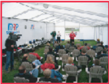
A charity group has all media & press conference opportunities.
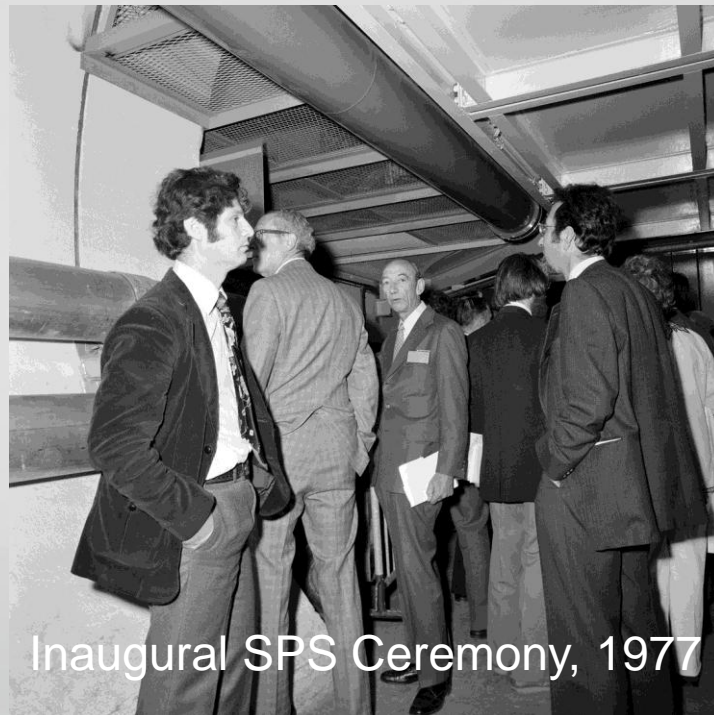
Inaugural SPS Ceremony, 1977

...personal note: two of my mentors and role models
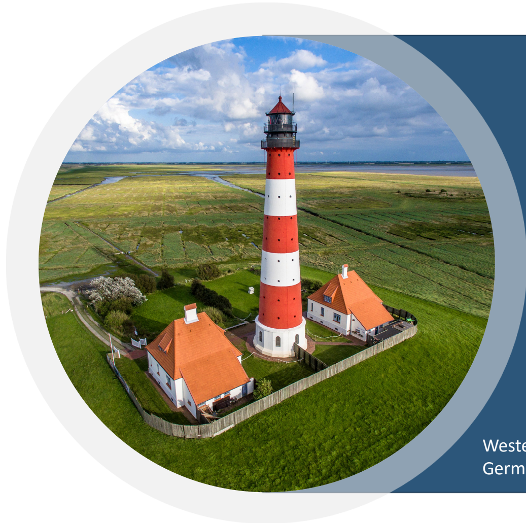
Westerhever Sand Germany
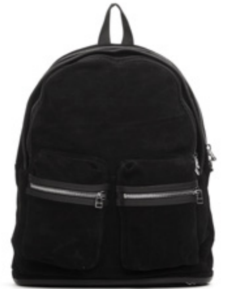
SUEDE BLACK / 160-3000

Ballistic Nylon Construction Italian Suede Construction Matte Nylon OX Lining Mil-Spec Webbing Premium Leather Tassels Water-Resistant Separate Bottom Compartment Dual Exterior Pockets Exterior 15" Laptop Sleeve Nickel Finish Zippers & Hardware
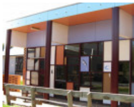
Former Mowbray College Art
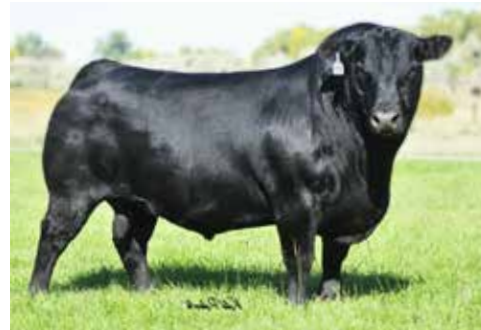
REFERENCE SIRE - LD CAPITALIST 316
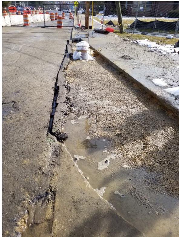
Last part of roadway the was worked on to allow for traffic shift
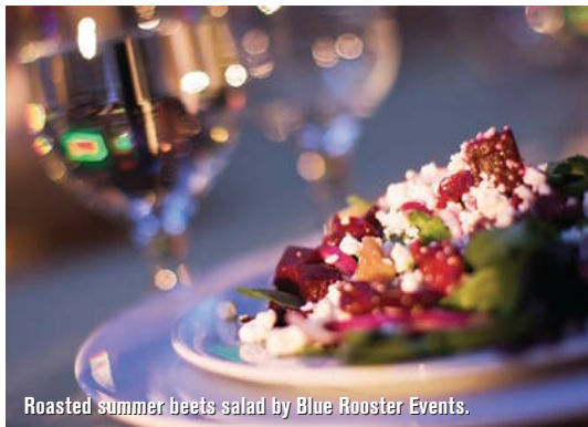
Roasted summer beets salad by Blue Rooster Events.
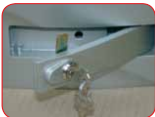
Manual release with key
※
Aim of the task:
Please reproduce verbatim the lines from the line with "Former Mowbray College Art" through the final line of the listing, inclusive of both ends. Omit all pictures.

Exercise response:
Former Mowbray College Art
REFERENCE SIRE - LD CAPITALIST 316
Last part of roadway the was worked on to allow for traffic shift
Roasted summer beets salad by Blue Rooster Events.
Manual release with key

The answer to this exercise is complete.